--- START ---

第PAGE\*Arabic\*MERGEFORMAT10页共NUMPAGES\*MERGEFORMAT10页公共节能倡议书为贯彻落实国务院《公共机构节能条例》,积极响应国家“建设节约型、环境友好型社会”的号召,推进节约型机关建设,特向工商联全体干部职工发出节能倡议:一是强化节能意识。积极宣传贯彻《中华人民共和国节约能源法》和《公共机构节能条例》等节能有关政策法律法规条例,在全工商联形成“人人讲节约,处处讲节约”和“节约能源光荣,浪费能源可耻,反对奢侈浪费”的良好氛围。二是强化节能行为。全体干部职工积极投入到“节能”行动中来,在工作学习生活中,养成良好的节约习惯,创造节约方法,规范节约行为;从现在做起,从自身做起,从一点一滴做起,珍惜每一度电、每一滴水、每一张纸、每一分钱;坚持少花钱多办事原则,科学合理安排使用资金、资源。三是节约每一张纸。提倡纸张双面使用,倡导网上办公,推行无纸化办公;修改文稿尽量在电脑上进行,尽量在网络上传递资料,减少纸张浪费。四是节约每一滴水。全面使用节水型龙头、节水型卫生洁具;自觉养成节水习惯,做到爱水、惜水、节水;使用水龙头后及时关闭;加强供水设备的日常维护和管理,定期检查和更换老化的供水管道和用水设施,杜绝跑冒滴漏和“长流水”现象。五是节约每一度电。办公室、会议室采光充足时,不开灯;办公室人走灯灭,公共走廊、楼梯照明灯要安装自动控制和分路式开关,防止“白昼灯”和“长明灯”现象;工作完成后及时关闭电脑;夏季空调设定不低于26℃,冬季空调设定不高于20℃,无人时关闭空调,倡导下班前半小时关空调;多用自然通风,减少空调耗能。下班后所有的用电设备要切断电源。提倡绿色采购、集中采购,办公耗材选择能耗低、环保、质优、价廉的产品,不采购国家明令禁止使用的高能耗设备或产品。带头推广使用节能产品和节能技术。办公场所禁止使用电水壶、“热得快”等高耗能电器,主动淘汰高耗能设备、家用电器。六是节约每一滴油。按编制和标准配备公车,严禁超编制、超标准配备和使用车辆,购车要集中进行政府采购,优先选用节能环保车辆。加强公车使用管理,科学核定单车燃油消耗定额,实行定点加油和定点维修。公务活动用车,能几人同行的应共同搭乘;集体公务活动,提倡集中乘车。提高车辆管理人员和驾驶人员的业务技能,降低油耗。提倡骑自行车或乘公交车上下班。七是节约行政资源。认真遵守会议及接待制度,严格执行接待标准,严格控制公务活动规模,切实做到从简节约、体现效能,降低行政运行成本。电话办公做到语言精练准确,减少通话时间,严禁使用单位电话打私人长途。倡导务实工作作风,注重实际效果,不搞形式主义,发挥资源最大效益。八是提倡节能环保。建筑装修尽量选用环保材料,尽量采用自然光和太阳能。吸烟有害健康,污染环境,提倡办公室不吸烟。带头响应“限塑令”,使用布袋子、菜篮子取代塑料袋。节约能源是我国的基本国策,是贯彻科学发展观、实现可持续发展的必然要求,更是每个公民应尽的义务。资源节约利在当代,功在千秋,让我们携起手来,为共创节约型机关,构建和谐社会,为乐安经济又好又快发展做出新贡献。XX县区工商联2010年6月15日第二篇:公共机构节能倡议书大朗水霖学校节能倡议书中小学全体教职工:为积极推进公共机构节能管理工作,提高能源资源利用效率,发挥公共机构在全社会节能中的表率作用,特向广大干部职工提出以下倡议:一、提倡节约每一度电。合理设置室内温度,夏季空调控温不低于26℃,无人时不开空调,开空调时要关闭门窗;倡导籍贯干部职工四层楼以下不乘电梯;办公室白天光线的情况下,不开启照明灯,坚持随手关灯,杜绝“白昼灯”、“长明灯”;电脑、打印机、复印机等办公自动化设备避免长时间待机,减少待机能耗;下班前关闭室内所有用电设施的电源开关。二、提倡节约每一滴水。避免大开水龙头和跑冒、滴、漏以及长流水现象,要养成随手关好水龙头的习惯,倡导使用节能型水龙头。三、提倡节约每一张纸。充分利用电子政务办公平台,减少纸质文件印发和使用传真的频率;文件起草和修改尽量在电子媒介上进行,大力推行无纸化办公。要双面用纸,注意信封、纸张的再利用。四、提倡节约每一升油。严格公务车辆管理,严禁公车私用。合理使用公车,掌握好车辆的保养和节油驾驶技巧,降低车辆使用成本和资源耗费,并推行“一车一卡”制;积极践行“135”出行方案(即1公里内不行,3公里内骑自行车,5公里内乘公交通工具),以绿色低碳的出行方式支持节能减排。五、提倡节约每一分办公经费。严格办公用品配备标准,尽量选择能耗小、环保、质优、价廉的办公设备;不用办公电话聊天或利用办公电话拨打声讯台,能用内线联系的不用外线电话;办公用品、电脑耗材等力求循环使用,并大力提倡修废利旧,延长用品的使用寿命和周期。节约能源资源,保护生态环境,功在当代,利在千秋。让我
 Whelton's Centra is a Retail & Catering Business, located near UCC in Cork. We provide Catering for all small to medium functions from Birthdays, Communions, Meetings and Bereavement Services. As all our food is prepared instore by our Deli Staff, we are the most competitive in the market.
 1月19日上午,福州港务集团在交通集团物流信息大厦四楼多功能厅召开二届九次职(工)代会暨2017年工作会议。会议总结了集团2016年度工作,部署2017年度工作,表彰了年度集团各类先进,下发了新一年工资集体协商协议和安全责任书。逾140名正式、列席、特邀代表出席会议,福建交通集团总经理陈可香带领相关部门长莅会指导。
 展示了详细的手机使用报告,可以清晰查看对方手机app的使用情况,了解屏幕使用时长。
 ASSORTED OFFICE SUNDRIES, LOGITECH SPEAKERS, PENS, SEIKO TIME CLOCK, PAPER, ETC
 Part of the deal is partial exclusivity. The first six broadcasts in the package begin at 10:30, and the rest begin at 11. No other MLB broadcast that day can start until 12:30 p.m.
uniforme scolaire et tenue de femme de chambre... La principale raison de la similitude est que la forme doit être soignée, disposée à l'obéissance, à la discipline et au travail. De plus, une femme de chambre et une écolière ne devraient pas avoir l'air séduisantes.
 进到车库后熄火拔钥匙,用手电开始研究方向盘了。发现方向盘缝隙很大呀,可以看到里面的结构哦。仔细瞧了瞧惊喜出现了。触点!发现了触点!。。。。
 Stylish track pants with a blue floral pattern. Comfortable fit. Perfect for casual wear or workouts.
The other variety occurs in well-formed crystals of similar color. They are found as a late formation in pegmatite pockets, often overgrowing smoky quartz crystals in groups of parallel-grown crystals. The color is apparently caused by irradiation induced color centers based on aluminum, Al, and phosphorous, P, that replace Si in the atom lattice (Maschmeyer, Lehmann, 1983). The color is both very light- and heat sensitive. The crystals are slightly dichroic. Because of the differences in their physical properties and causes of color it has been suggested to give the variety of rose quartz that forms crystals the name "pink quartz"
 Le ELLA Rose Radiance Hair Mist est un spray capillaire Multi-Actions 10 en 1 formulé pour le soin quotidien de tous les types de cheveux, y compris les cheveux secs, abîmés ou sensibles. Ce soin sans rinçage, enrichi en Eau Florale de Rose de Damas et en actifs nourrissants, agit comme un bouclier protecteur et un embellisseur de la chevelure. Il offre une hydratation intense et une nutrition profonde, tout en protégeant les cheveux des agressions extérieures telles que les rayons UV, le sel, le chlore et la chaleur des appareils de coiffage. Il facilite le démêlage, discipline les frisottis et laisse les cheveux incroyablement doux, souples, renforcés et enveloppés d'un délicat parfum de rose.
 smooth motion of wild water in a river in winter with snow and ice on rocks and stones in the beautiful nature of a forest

--- END ---

> _Problem description_:
Only lines of the material that contain the word "with" belong in the answer; copy each one.

> _Answer box_:
 Stylish track pants with a blue floral pattern. Comfortable fit. Perfect for casual wear or workouts.
 smooth motion of wild water in a river in winter with snow and ice on rocks and stones in the beautiful nature of a forest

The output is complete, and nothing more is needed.